In short, it is impossible to distinguish a qualified name that happens
to be in the null namespace from a simple name. The specification
creates this problem by neglecting the null namespace when it defines a
fullname as "composed of two parts: a name and a namespace, separated by
a dot."
This could be solved by simply resolving all ambiguities in favor of the
null namespace reference. For example, the reference "Target" should be
interpreted as a fullname if such a type exists and as a simple name
otherwise. If the author didn't intend to reference into the null
namespace, then they can unambiguously use a fullname reference instead.
Any solution will create compatibility concerns, so first I just want to
discuss whether this is believed to be a problem.

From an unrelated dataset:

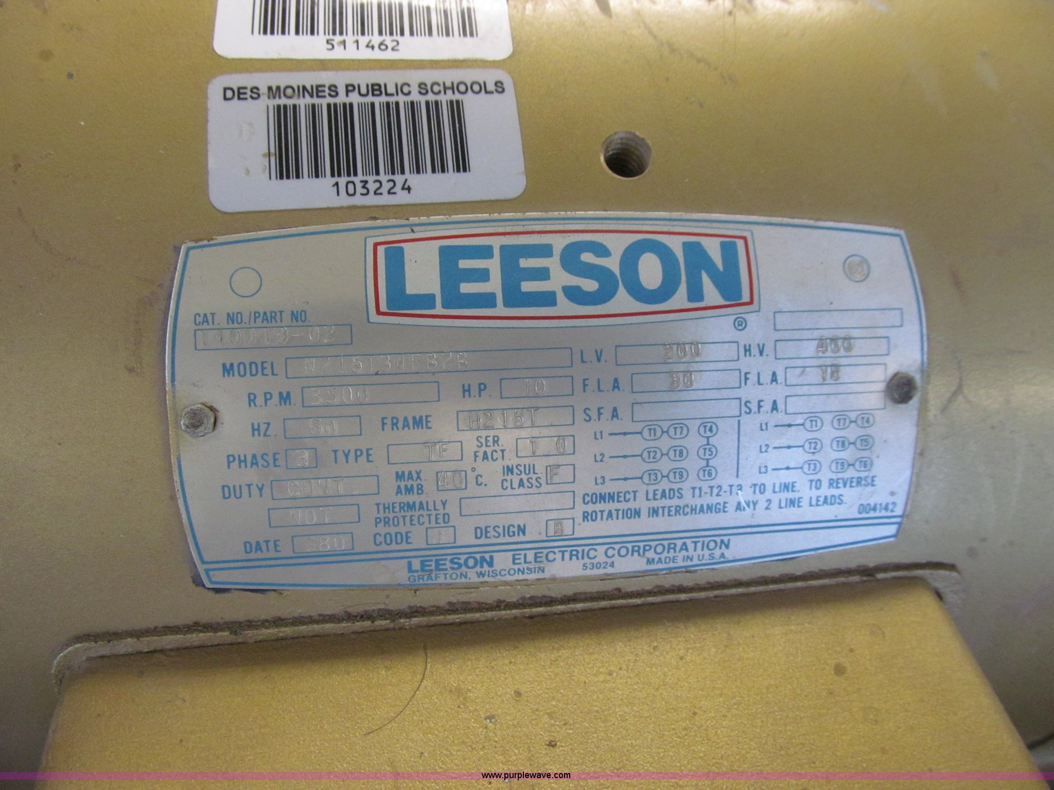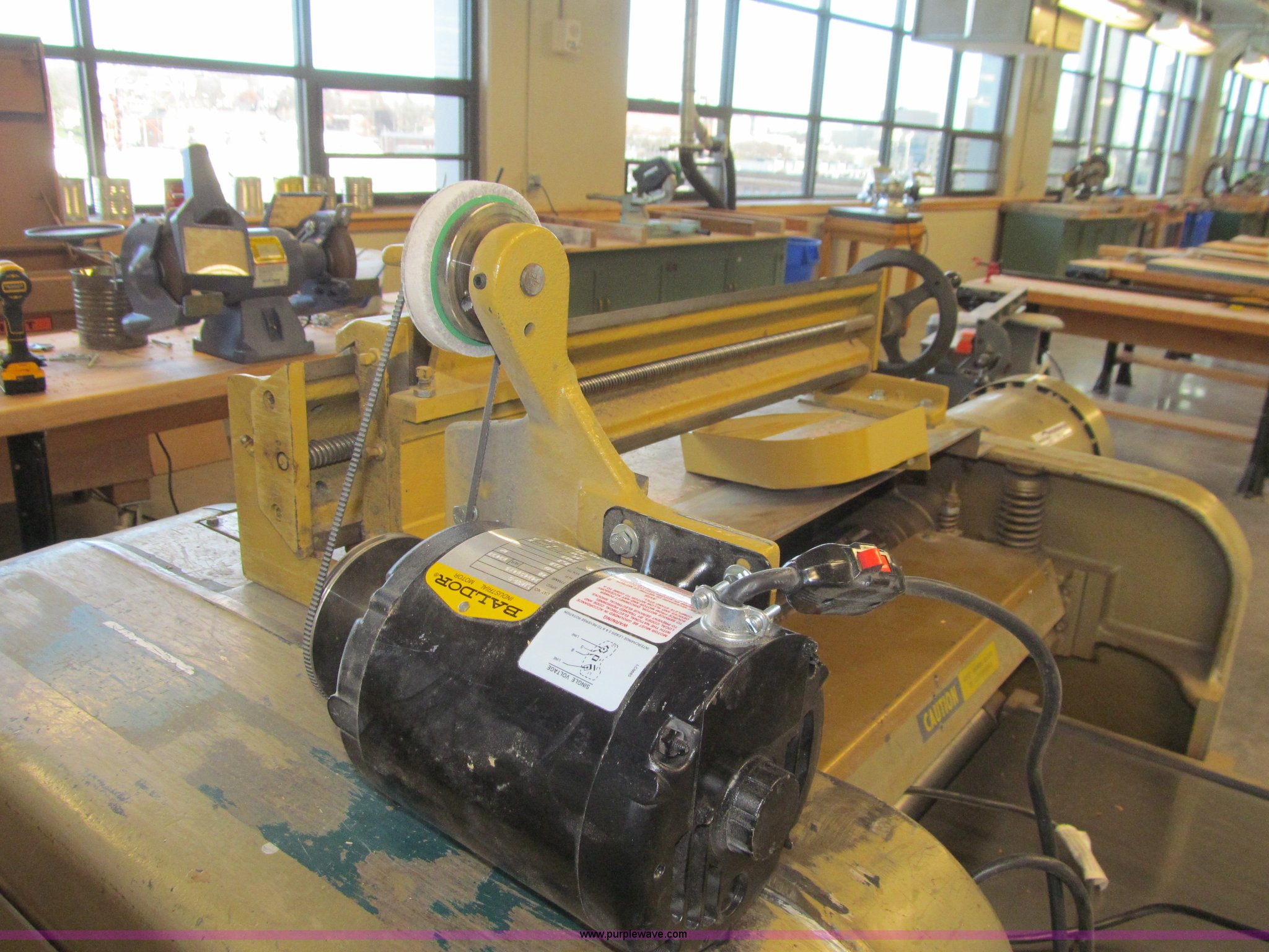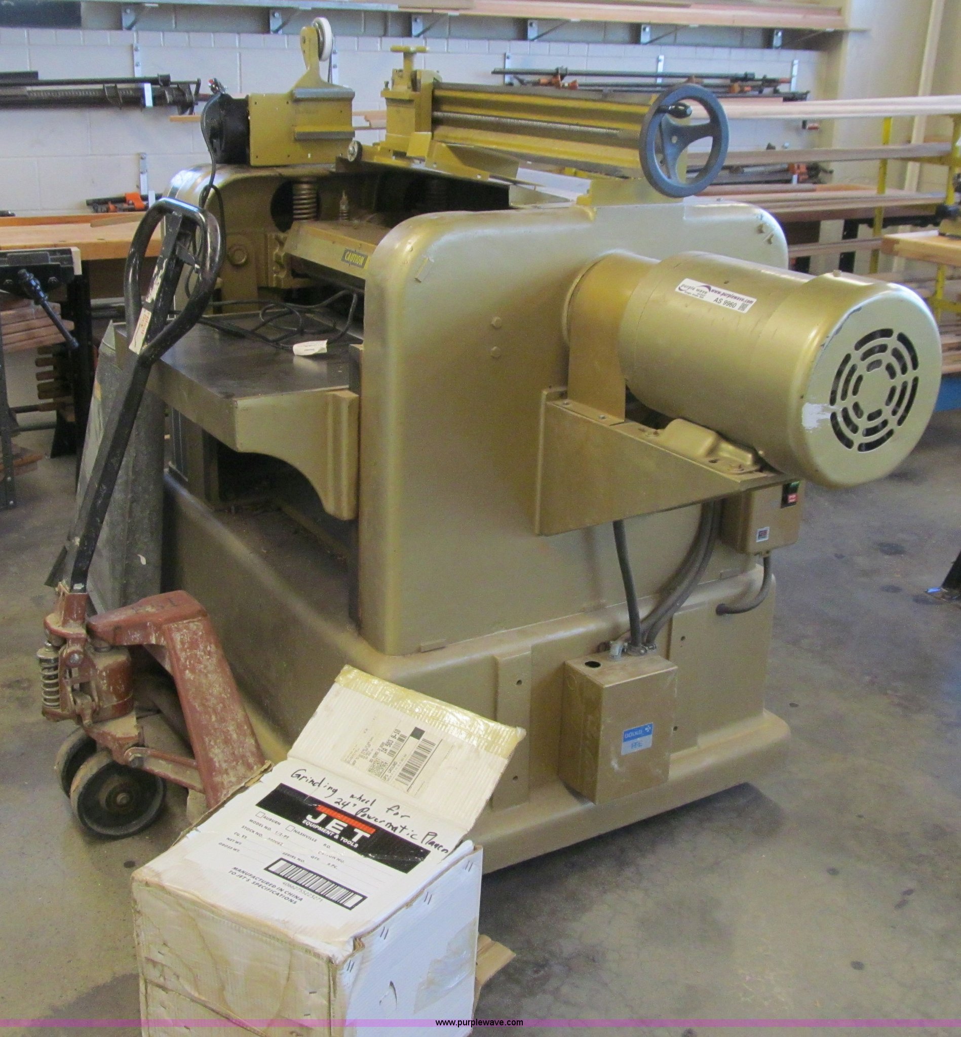Powermatic 225 planer. Three phase, 10 HP, 208/400V, 24" thickness, Segmented head High speed steel knives, Dust collector, Grinder head, Pallet jack not included, Serial 8124057. Des Moines Public Schools. 1800 Grand Avenue. Desmoines, IA 50309

The following complete test case illustrates how this issue leads to
data corruption with the Java API. Note that the Java implementation
neither detects the ambiguity nor resolves it the way I am recommending.
@Test
void testAmbiguousReference() {
final Schema target = SchemaBuilder.builder()
.record("Target")
.doc("right")
.fields()
.endRecord();
final Schema decoy = SchemaBuilder.builder()
.record(target.getName())
.namespace("org.apache.avro")
.doc("wrong")
.fields()
.endRecord();
final Schema ambiguous = SchemaBuilder.builder()
.record("Ambiguous")
.fields()
.name("definition")
.type(target)
.noDefault()
.name("working")
.type(target)
.noDefault()
.name("enclosing")
.type(SchemaBuilder.builder()
.record("Enclosing")
.namespace("org.apache.avro")
.fields()
.name("decoy")
.type(decoy)
.noDefault()
.name("working")
.type(decoy)
.noDefault()
.name("broken")
.type(target)
.noDefault()
.endRecord())
.noDefault()
.endRecord();
final Schema parsed = new Schema.Parser().parse(
ambiguous.toString());
// This assertion succeeds.
Assertions.assertEquals(
ambiguous.getField("working").schema(),
parsed.getField("working").schema());
// This assertion succeeds but the specification is unclear.
Assertions.assertEquals(
ambiguous.getField("enclosing").schema()
.getField("working").schema(),
parsed.getField("enclosing").schema()
.getField("working").schema());
// This assertion FAILS.
Assertions.assertEquals(
ambiguous.getField("enclosing").schema()
.getField("broken").schema(),
parsed.getField("enclosing").schema()
.getField("broken").schema());
}
The assertion failure message complains:
expected: <{"type":"record","name":"Target","doc":"right","fields":[]}>
but was:
<{"type":"record","name":"Target","namespace":"org.apache.avro","doc":"wrong","fields":[]}>